Static Type Information
When source code is being processed, this type information that is known prior to execution is called “static” type information. We know its type simply from looking at the code. What we call statically typed languages are those where most type information can be known from the code. Let’s assume we have a statically typed language for now.
The translator uses this static information to decide how to process expressions. For example, given the expression age + 5
, the translator knows it is adding two integers together. It knows this statically and thus immediately knows how to implement it. The static type information is also what allows the translator to know that name + “Suffix”
is string concatenation, and not addition.
To put it another way, the translator knows which functions to call without needing to execute the code. For example, a compiler might allocate 8-bytes for the integer age
, then write a value to it. Later it will call a specific function add_integer_8( age, 5 )
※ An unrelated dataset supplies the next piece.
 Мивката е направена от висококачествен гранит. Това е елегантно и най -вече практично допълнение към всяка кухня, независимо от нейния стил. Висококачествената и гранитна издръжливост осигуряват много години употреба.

, and that will assume that the bytes pointed to by age
represent an integer. It doesn’t need to explicitly track at runtime that age
is an integer — the knowledge of the static types at compile time was enough to call the right function.
Take a look at my article on type conversion for a perspective from a compiler.
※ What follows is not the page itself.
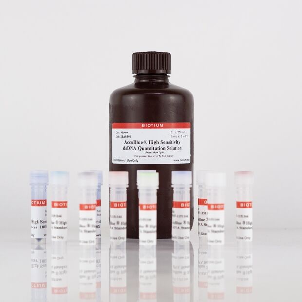 Biotium offers dsDNA quantitiation kits and solutions for different instruments and sample concentration ranges. See the table below and visit the DNA & RNA Quantitation Technology Page for details on our full line of dsDNA and RNA quantitation kits.

With static types, functions and libraries are built to work with specific types. What looks like a single addition operator in the code may be mapped to a variety of functions, such as one for each size of integer and one for each floating point type. The compilation phase already determined the correct function to call, so these functions don’t need to check the type of their arguments. Since nothing needs this type information after compilation, it can be discarded — it won’t be in the compiled, or executed, form for the code.
Dynamic Type Information
Even in static languages, there is also “dynamic” type information, which cannot be known until the code is run. This comes up in type hierarchies and union types.
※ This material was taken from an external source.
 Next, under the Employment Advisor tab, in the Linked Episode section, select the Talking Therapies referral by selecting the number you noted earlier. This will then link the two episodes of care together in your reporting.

Let’s create a simple type hierarchy to demonstrate.
abstract class SecurityObject: security: AccessType id: Integer abstract function Identify() : String class User extends SecurityObject: name: String function Identify() : String return name class Process extends SecurityObject: executable: String function Identify() : String return executable
Now consider this function.
function Show( actor: SecurityObject ): print( actor.Identifty() )
The Show
function takes a actor
, that we know has the SecurityObject
type from reading the code. That is its static type information. However, we can’t yet know whether actor
is a User
or a Process
. Since the type of actor
changes, we say that it is “dynamic”.
This dynamic type information is one kind of runtime type information. The translator can’t know the dynamic type until it executes the function, implying it has to know at runtime which type it is. Though, we should be careful here. It technically only needs to know which Identify
function to call, which it can know without having knowing the type fully.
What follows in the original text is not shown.